Clic. J’ai de la chance, l’ampoule fonctionne. La cave se retrouve faiblement éclairée. Je me rends compte que je n’avais jamais pris le temps de la regarder en détail. Pourtant, je commence à bien connaître l’endroit. En fait, il y a tout ce que je m’attendais à y voir. Des saletés partout. Des paniers, des chapeaux en paille, des planches, de la poussière, de vieux vêtements, et au fond le congélateur. Les bruits ont cessé d’ailleurs mais je n’ai pas pour autant envie de m’approcher davantage. Pourtant, une pulsion soudaine m’étreint. J’ai une vague idée, quelque chose d’un peu flou mais dont je sens que je pourrais tirer une certaine satisfaction. J’ai un temps d’arrêt, parce que, quoi qu’en dise mon oncle, je ne suis pas un méchant garçon et je ne fais pas de bêtises. Tout ce que je veux, moi, c’est être dans mon coin, rêver et dessiner et ne rien demander à personne. Mais là, la tentation est trop forte. Je tends l’oreille. Toujours aucun bruit dans la cour. Alors je ne tiens plus. Je prends mon courage à deux mains, je cours vers le congélateur et je débranche rageusement la prise. A six ans, on ne se rend pas trop compte de ce que ça peut faire mais on sent que ça doit être interdit. C’est vrai quoi, cette prise doit bien servir à quelque chose.

Plus tard, j’ai tiré une leçon de cette journée. Quand vous faites une bêtise, assumez là et ne revenez jamais en arrière. Parce que moi, quelques jours plus tard, j’ai eu des remords (à moins que j’aie simplement manqué cruellement de courage à l’idée d’être découvert et de me prendre une raclée) et j’ai rebranché la prise.
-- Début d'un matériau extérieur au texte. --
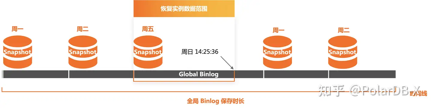以上图为例,比如我们有一个 PolarDB-X 实例每周一、周二和周五的零点进行备份,某天产生一个需求,需要将数据恢复到周日的 14:25:26,那么我们的系统会选择离恢复点最近的一个全量备份集---- 也就是周五零点点这份,并从周五零点开始重放全局 Binlog,直到周日 14:25:26 结束,这样我们便得到了想要的快照。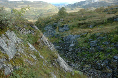 Endelig nærmer stigningen seg opp mot Klarem - vi er spente på om det er noe igjen av husene her inne!

Je pensais avoir bien fait. Jusqu’au fameux jour où un poulet sorti du congélateur nous a tous conduit à l’hôpital. Enfin, surtout eux. Parce que moi, le poulet, je n’en mange jamais. Mais ça s’est bien terminé : ma mère a pris une semaine de congés pour me garder puisque mon oncle, ma tante et mes cousins étaient à l’hôpital. Et comme j’avais pris soin de rebrancher la prise, mon oncle a cru que c’était le congélateur qui ne fonctionnait pas bien. Il a fait venir le réparateur qui n’a rien trouvé évidemment mais qui lui a facturé le déplacement et le temps perdu. Quant à moi, on ne m’a jamais reproché quoi que ce soit bien sûr. Mais quand même, je me suis souvent demandé si mon oncle n’avait pas eu de doutes. Parce que, depuis ce jour là, on ne m’a plus jamais envoyé à la cave.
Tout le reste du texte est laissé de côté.